Data under study =>
:::

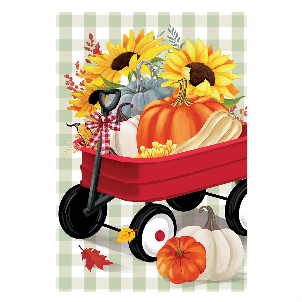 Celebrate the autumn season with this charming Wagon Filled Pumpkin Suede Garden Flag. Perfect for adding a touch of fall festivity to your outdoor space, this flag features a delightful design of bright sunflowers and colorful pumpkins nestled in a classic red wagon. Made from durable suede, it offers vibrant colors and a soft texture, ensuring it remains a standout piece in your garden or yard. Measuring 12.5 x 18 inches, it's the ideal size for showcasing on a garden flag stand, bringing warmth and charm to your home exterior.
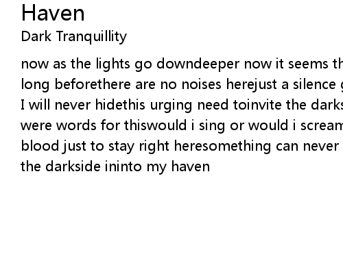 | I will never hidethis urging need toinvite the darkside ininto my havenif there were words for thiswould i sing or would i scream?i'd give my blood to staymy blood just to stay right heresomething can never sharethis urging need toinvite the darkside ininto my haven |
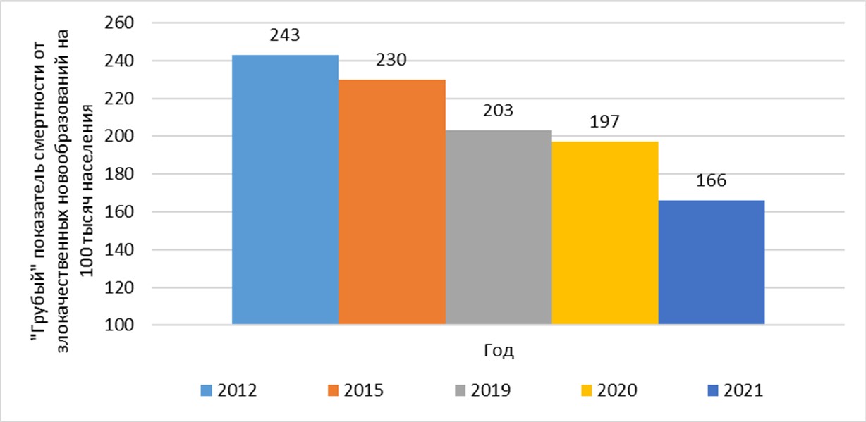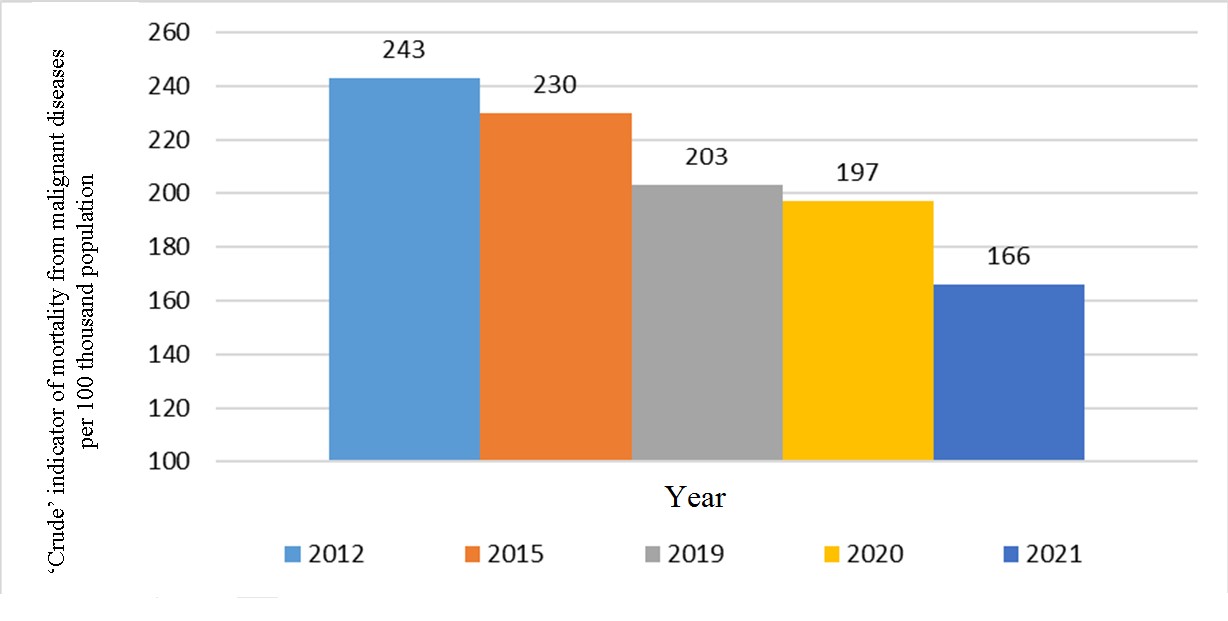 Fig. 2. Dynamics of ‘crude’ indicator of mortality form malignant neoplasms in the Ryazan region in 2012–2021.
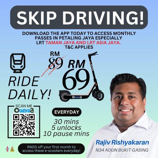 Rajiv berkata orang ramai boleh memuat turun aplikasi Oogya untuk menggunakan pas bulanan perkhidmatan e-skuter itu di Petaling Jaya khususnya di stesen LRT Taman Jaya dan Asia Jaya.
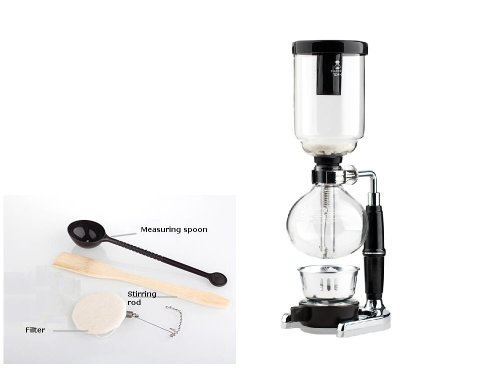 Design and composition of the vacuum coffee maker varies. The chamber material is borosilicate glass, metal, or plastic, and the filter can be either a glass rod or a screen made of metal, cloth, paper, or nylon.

:::

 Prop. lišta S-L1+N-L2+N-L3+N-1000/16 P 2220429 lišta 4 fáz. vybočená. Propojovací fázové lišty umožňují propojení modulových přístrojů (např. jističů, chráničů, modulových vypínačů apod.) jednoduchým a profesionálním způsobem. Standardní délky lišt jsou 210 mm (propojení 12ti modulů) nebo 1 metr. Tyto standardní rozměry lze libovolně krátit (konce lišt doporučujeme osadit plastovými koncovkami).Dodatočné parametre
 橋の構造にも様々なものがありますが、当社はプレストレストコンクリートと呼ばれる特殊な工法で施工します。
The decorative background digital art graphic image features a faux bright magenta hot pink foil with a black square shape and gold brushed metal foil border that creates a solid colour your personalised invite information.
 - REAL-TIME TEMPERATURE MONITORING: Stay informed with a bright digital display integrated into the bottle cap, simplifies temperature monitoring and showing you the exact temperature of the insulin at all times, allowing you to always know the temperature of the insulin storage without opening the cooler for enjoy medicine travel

:::

Directions => Restate word for word every line from the one with "ininto my haven |" up to and including the one with "Design and composition" in the records above, minus the pictures.

The answer =>
 | I will never hidethis urging need toinvite the darkside ininto my havenif there were words for thiswould i sing or would i scream?i'd give my blood to staymy blood just to stay right heresomething can never sharethis urging need toinvite the darkside ininto my haven |
 Fig. 2. Dynamics of ‘crude’ indicator of mortality form malignant neoplasms in the Ryazan region in 2012–2021.
 Rajiv berkata orang ramai boleh memuat turun aplikasi Oogya untuk menggunakan pas bulanan perkhidmatan e-skuter itu di Petaling Jaya khususnya di stesen LRT Taman Jaya dan Asia Jaya.
 Design and composition of the vacuum coffee maker varies. The chamber material is borosilicate glass, metal, or plastic, and the filter can be either a glass rod or a screen made of metal, cloth, paper, or nylon.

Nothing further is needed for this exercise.